### Input data
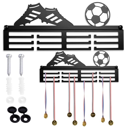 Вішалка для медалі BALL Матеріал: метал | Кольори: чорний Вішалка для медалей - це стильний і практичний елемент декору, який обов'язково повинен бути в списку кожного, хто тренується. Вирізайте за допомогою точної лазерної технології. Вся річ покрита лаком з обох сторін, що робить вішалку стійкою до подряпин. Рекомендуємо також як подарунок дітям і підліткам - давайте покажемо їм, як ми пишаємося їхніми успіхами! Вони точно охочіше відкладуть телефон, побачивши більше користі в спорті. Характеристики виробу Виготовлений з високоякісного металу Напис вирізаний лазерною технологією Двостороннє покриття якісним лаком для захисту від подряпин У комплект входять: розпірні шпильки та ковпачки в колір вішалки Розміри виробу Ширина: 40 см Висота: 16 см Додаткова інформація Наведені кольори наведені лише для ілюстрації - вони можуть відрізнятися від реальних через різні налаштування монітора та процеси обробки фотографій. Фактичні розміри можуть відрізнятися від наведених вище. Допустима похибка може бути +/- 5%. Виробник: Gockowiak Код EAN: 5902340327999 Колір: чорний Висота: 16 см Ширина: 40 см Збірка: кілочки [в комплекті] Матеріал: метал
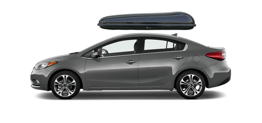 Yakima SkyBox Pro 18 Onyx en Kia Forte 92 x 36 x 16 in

* * *

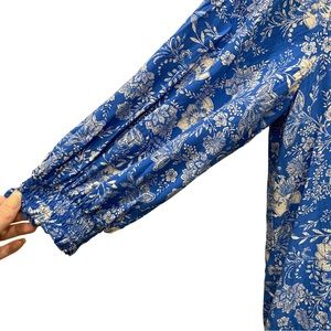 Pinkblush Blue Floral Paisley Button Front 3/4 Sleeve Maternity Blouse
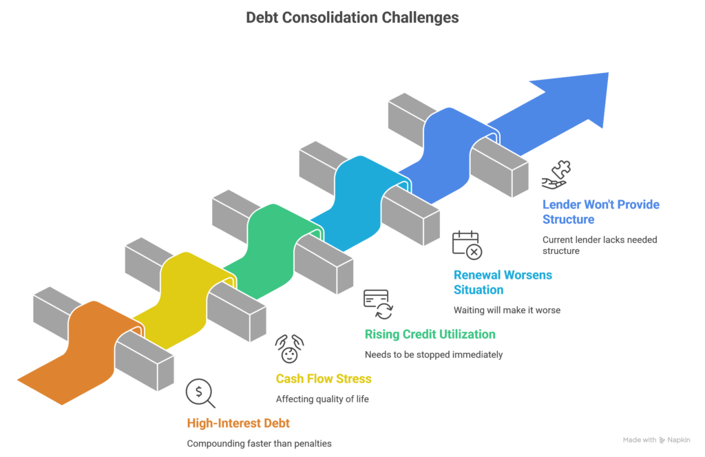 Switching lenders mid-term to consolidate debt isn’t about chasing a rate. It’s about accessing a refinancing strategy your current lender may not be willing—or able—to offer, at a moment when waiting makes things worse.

### The task
Repeat only the stretch of data above that runs from the line with "Вішалка для медалі" to the line with "Yakima SkyBox Pro". Keep both end lines; exclude pictures.

### Answer below
 Вішалка для медалі BALL Матеріал: метал | Кольори: чорний Вішалка для медалей - це стильний і практичний елемент декору, який обов'язково повинен бути в списку кожного, хто тренується. Вирізайте за допомогою точної лазерної технології. Вся річ покрита лаком з обох сторін, що робить вішалку стійкою до подряпин. Рекомендуємо також як подарунок дітям і підліткам - давайте покажемо їм, як ми пишаємося їхніми успіхами! Вони точно охочіше відкладуть телефон, побачивши більше користі в спорті. Характеристики виробу Виготовлений з високоякісного металу Напис вирізаний лазерною технологією Двостороннє покриття якісним лаком для захисту від подряпин У комплект входять: розпірні шпильки та ковпачки в колір вішалки Розміри виробу Ширина: 40 см Висота: 16 см Додаткова інформація Наведені кольори наведені лише для ілюстрації - вони можуть відрізнятися від реальних через різні налаштування монітора та процеси обробки фотографій. Фактичні розміри можуть відрізнятися від наведених вище. Допустима похибка може бути +/- 5%. Виробник: Gockowiak Код EAN: 5902340327999 Колір: чорний Висота: 16 см Ширина: 40 см Збірка: кілочки [в комплекті] Матеріал: метал
 Yakima SkyBox Pro 18 Onyx en Kia Forte 92 x 36 x 16 in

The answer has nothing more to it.